The method according to claim 1,
The step of determining the action type and the action point
Acquiring a feature map by combining attribute information extracted from a last layer among a plurality of layers included in the third neural network; And
Applying the feature map to the first classifier as input data to identify the behavior type of the object in the integrated image segment and applying the result of the first classifier to the input data of the second classifier, Detecting whether a point at which a behavior is manifested corresponds to an end or a starting point of the behavior type.
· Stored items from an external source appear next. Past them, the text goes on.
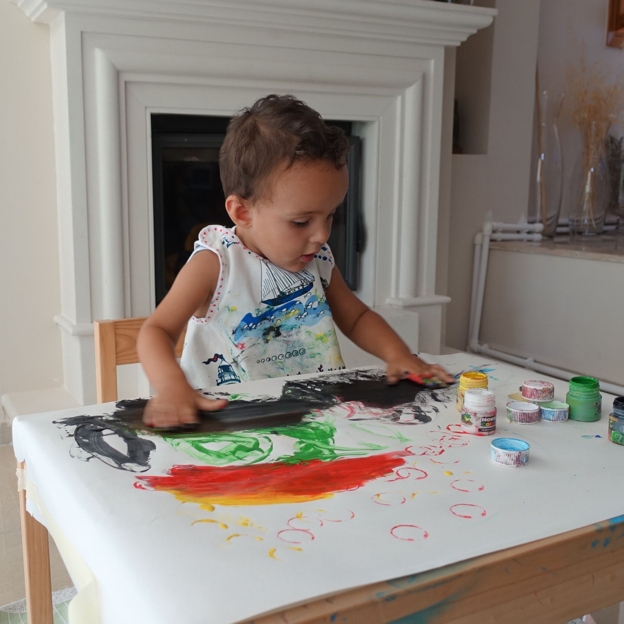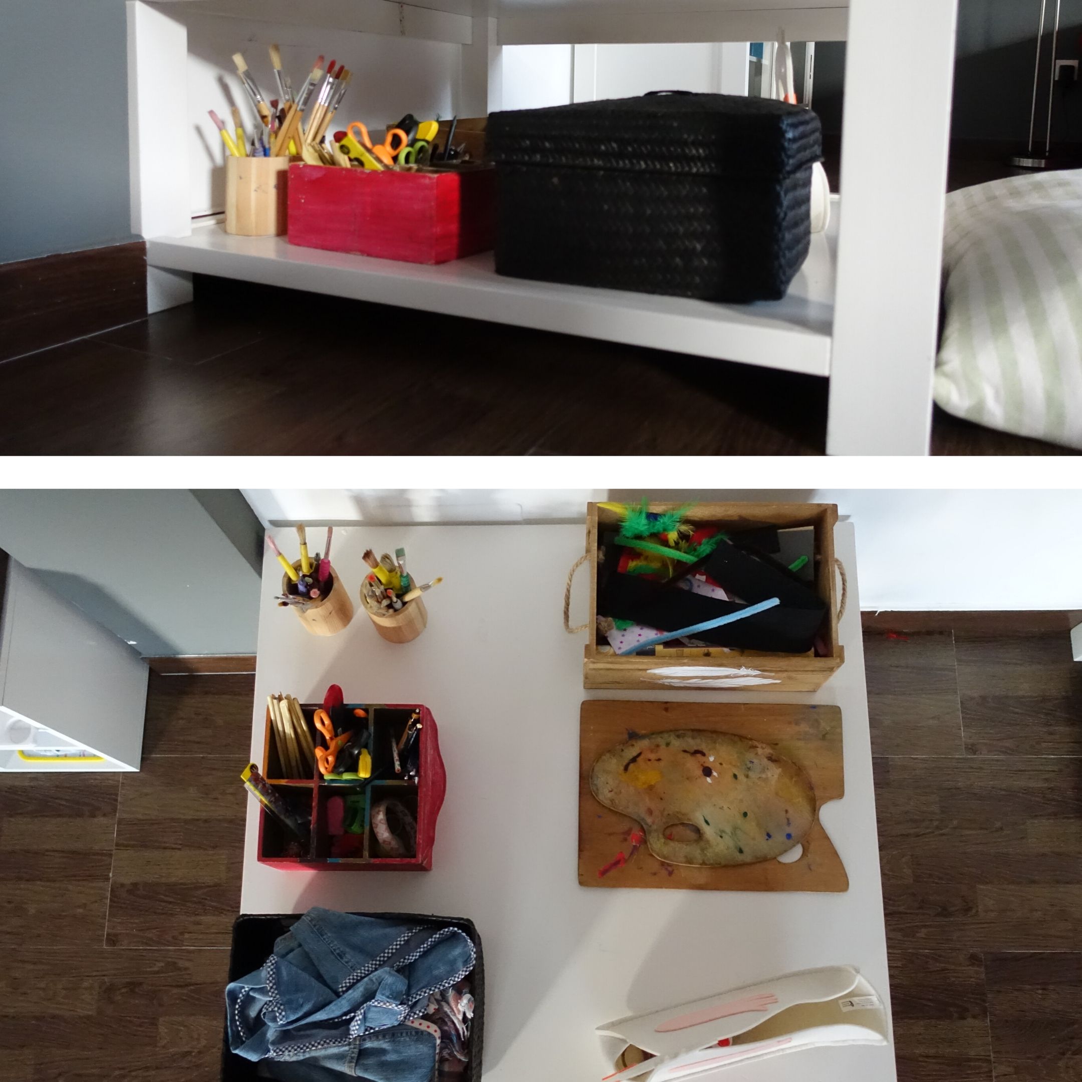 Suddenly there were a group of the same category items that go together, not only for the sake of order but also once you paint with a little kid, you need to set up space with table cloth and aprons than while painting you need wet wipes and once finished you need to clean and order it as quick as possible.
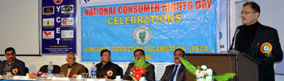 Speaker Legislative Assembly Kavinder Gupta speaking during an event organised to celebrate National Consumer Rights Day at Jammu on Saturday.
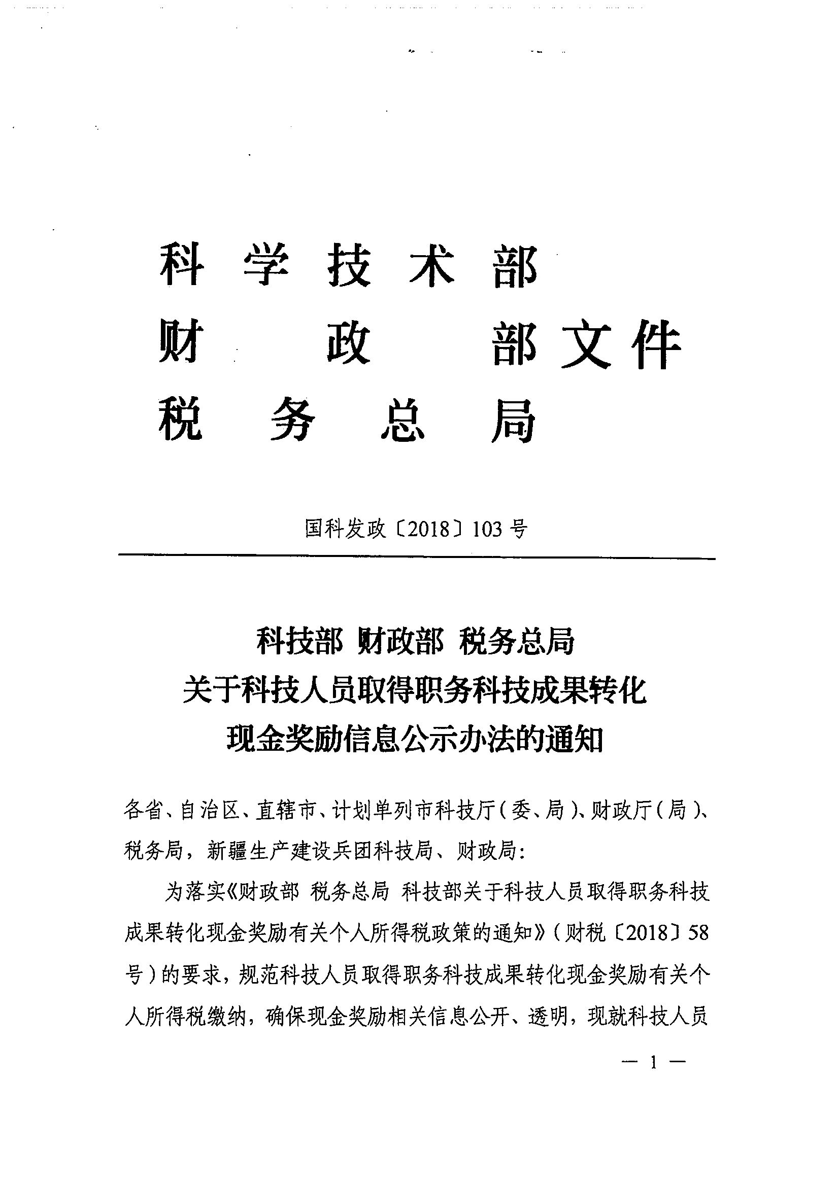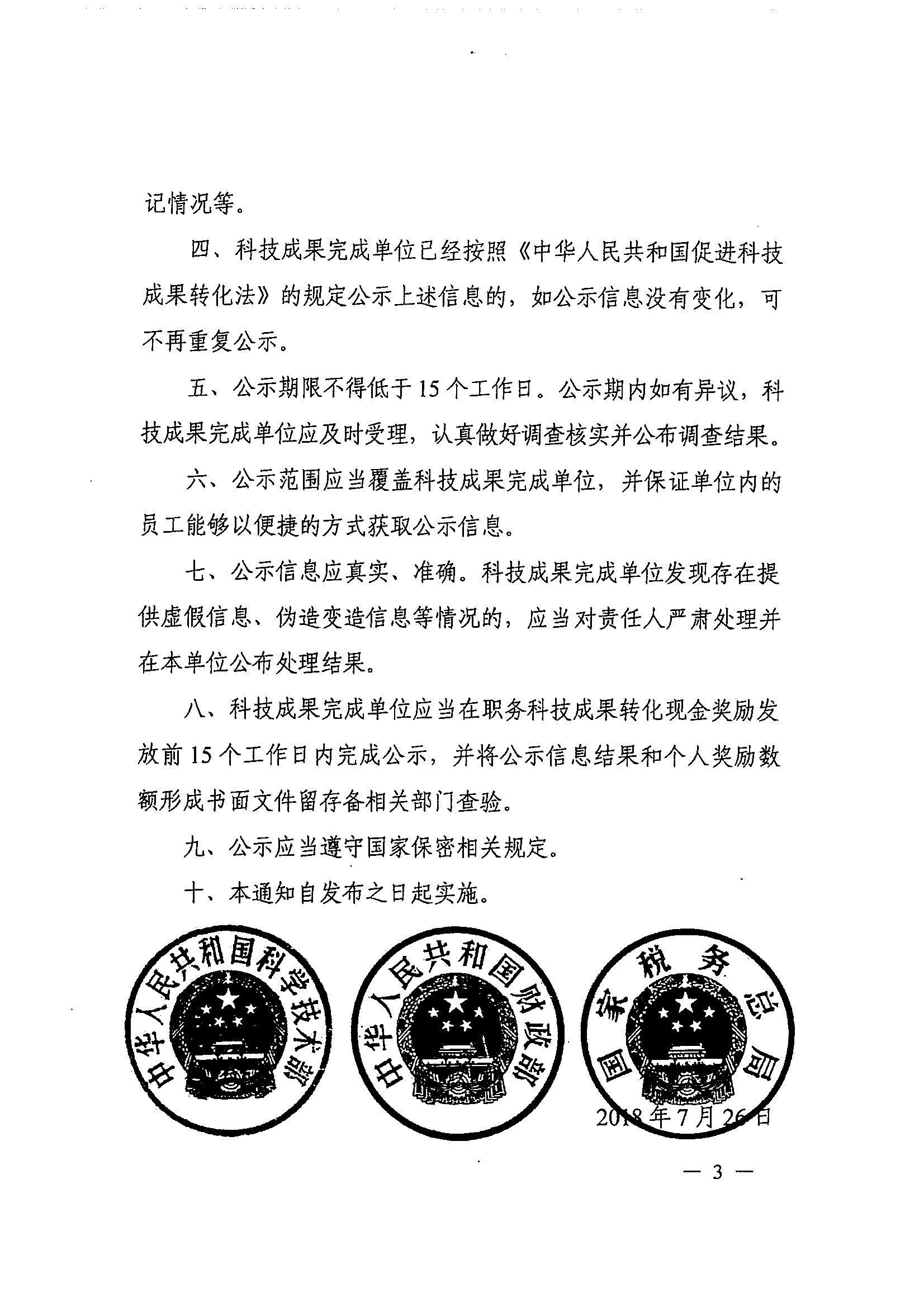 科技部 财政部 税务总局关于科技人员取得职务科技成果转化现金奖励信息公示办法的通知_政策文件_江门市财政局
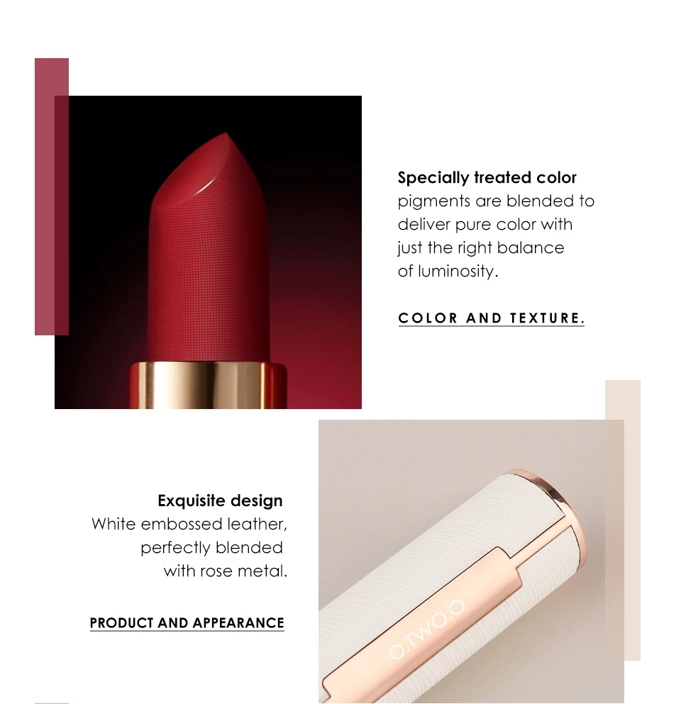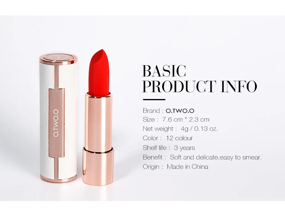 Это высококачественный продукт новой платиновой серии O.TWO.O. Внешний вид: Текстурированная белая кожа с розовым золотом придает элегантности помаде. Цвет: Есть 12 сенсационных цветов на выбор. Элегантный телесный, милый розовый, восторженные розы крови все доступны. Особенности: Это полуматовая помада, которая находится где-то между матовой и атласной. Сочетает в себе преимущества двух помад: 1. Долговечность, 2. Устойчивость, 3. Антипригарная чашка, 4. Увлажнение. Одна мягкая, приятная на ощупь формула; Восемь насыщенных оттенков. Это то, чего жаждал ваш поцелуй!
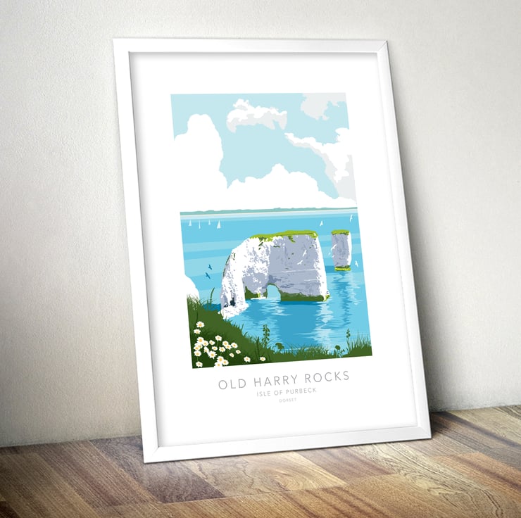A digital illustration of Old Harry Rocks, situated in the Isle of Purbeck in Dorset. This is where the Jurassic Coast starts. A very popular destination and one of my best selling prints.
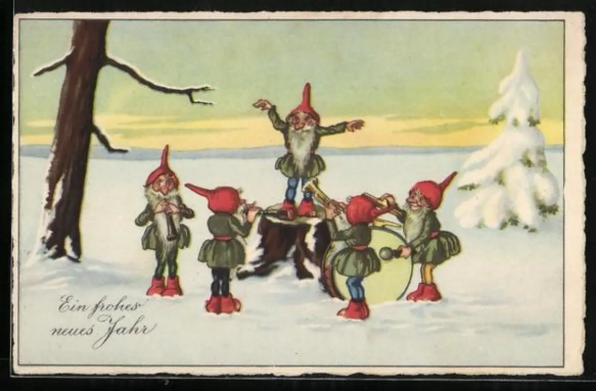 Künstler-AK Zwerge machen Musik in einer Schneelandschaft
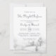 This winter night before rehearsal dinner invitation is perfect for a rustic wedding rehearsal celebration. The design features a hand-painted forest on hills and mountains in an idyllic winter scene.
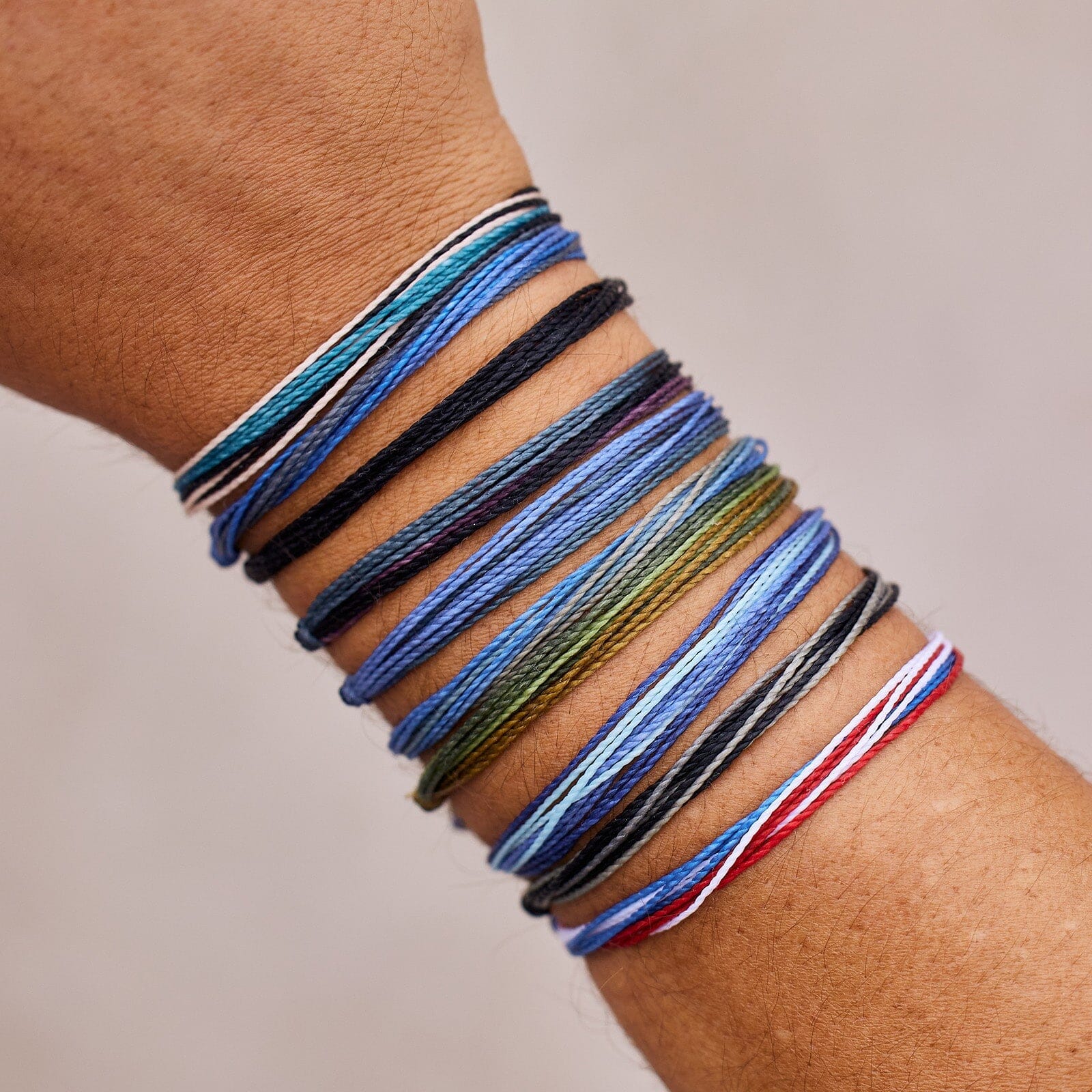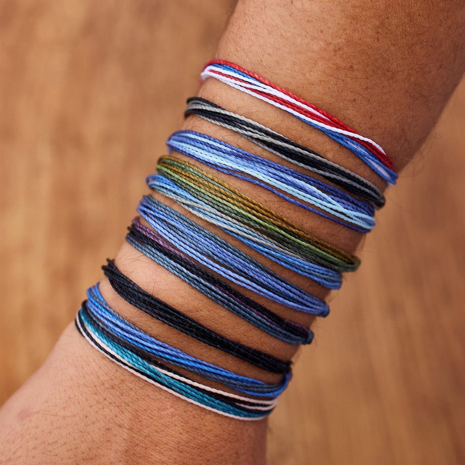 Save 31% on bracelets by purchasing our Men's Surf & Skate Friendship Pack ($70 value), featuring 10 of our top selling originals! Wear them all together, mix and match your favorite combinations or share with your friends. Each one is handmade, waterproof and totally unique—in fact, the more you wear it, the cooler it looks.

A memory for storing a program for recognizing an action of an object included in the image; And
And a processor for executing the program,
The processor, as the program is executed,
Acquiring an image segment, determining whether an action of the object exists in the image segment through the first neural network,
If there is an action of an object in the image segment, constructing an integrated image segment by generating one or more future image frames continuing to the image segment through a second neural network, Detecting an action type and an action point of the object,
Wherein the first neural network is learned independently and the second neural network and the third neural network are learned dependently.

9. The method of claim 8,
Wherein the second neural network is learned based on a value of a loss function of the third neural network and the third neural network is learned based on a result value of the second neural network.

9. The method of claim 8,
The processor
Acquiring a feature map by combining attribute information extracted from a last layer among a plurality of layers included in the first neural network, applying the feature map to input data to a binary classifier included in the first neural network, And determines whether or not there is an action of the object in the segment.

9. The method of claim 8,
The processor
Acquiring a feature map by combining attribute information extracted from a last layer among a plurality of first layers included in the second neural network, and acquiring the feature map through a plurality of second layers included in the second neural network One or more future image frames in which attribute information of the image segment is modified or feature information of other images previously stored is synthesized,
And the one or more future image frames are added to the image segment to form the integrated image segment.

9. The method of claim 8,
The processor
Acquiring a feature map by combining attribute information extracted from a last layer among a plurality of layers included in the third neural network, and applying the feature map to the first classifier as input data to determine a behavior type of the object in the integrated image segment And detecting whether the time at which the behavior of the object in the integrated image segment is manifested corresponds to the end or the start time of the behavior type by applying the result value of the first classifier to the input data of the second classifier In behavior recognition device.

A computer-readable recording medium recording a program for performing the method according to any one of claims 1 to 7 on a computer.